UEFA başkanı Aleksander Ceferin ise, ‘Futbol satılık değildir. Avrupa Adalet Divanı, umarım ne yaptığını biliyordur ama bundan tam olarak emin değilim.’ diyerek mahkeme kararını eleştirdi.


Aleksander Ceferin ve Nasser Al Khelaifi

Aslında UEFA ilk cevabını 2021 yılında patlak veren olaydan sonra vermişti. Hem ESL tarafına geçen takımların az da olsa gazını almak için hem de ESL’ye bir cevap niteliği taşıması için olaydan hemen sonra Avrupa müsabakalarının değişeceğini açıklamıştı. O sistem ise adeta ESL’ye bir kontra olarak ortaya çıkan, yine 36 takımlı bir lig sistemi şeklinde uygulanacak ancak herkesin birbiri ile oynamayacağı karmakarışık bir düzen. UEFA işi aceleye getirdi ve bu sistemin 2024-2025 sezonunda, yani önümüzdeki sezonda uygulanmaya başlayacağını açıkladı.


Şimdi ne olacak?

ESL ve Florentino Perez, arkasına mahkeme kararını da alıp ikinci kez UEFA tekelini zorladı. Ancak yine duvara çarpmış gibi. Bunların hepsinin bir strateji dahilinde olduğuna ve zamanla Perez’in diğer Avrupa takımlarını yanına çekeceğini düşünüyorum.


Florentino Perez

Bir futbol izleyicisi olarak bu işin fayda/zarar tarafına bakmamız gerekirse de iki seçenekte sıkıntılı durumda. Bir tarafta yozlaştığından emin olduğumuz ve saygınlığını tamamen yitirmiş kurumlar olan FIFA ve UEFA, diğer yanda ise asıl amacının ne olduğu belli olmayan ve futbolu Amerikan oyunu haline getirmeye çalışan bir organizasyon.

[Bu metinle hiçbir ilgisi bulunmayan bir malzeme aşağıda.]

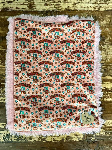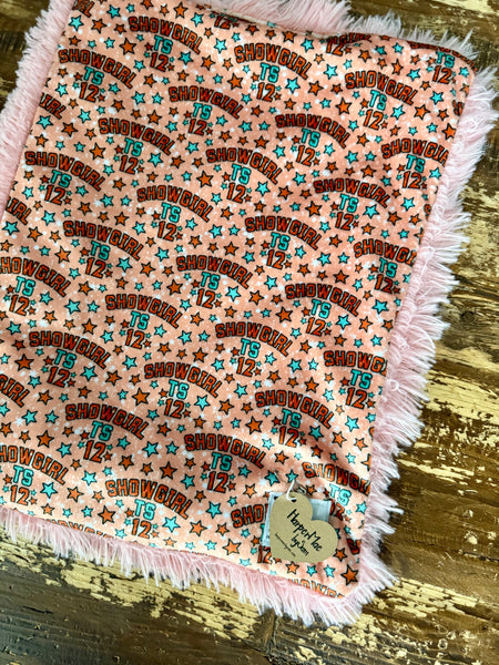 Perfect warm cozy lovey blanket to travel with your baby in their carseat. This blanket is made with a taylor swift minky fabric and a minky shaggy coral fur that does not shed.

ESL özünde, taraftar sayısını arttırırken bunu futbol aşkından ziyade kendi cebine giren parayı arttırmak için yapıyor. Ancak diğer taraftan baktığımız zaman da futbolun en önemli paydaşı olan kulüplerin ekonomik ihtiyaçlarını artık karşılayamayacak hale gelen bir FIFA/UEFA düzeni var.


Avrupa Süper Ligi'ne bir eleştiri

Yani bu kulüplerin paraya ihtiyacı var. ESL’de Amerikan pazarlama teknikleri ile kulüplere bunu vadediyor. Ancak kulüpler ise taraftar baskısı sebebi ile henüz UEFA tekelinden çıkabilmiş değil.

 

Ben de bir Avrupa takımı taraftarı olarak, Avrupa’ya ait bir sporun Amerikan tarzı tekniklerle geliştirilebileceğine inanmıyorum. Futbolun romantikliği diye tabir edilen durumdan ziyade, büyük kulüplerin artan giderlerine karşın gelirlerinin bu düzende az olduğunu ve bu durumun sürdürülemez olduğunu anlıyorum. Ancak bu döngünün çıkış yolu kesinlikle NBA’leşme değil.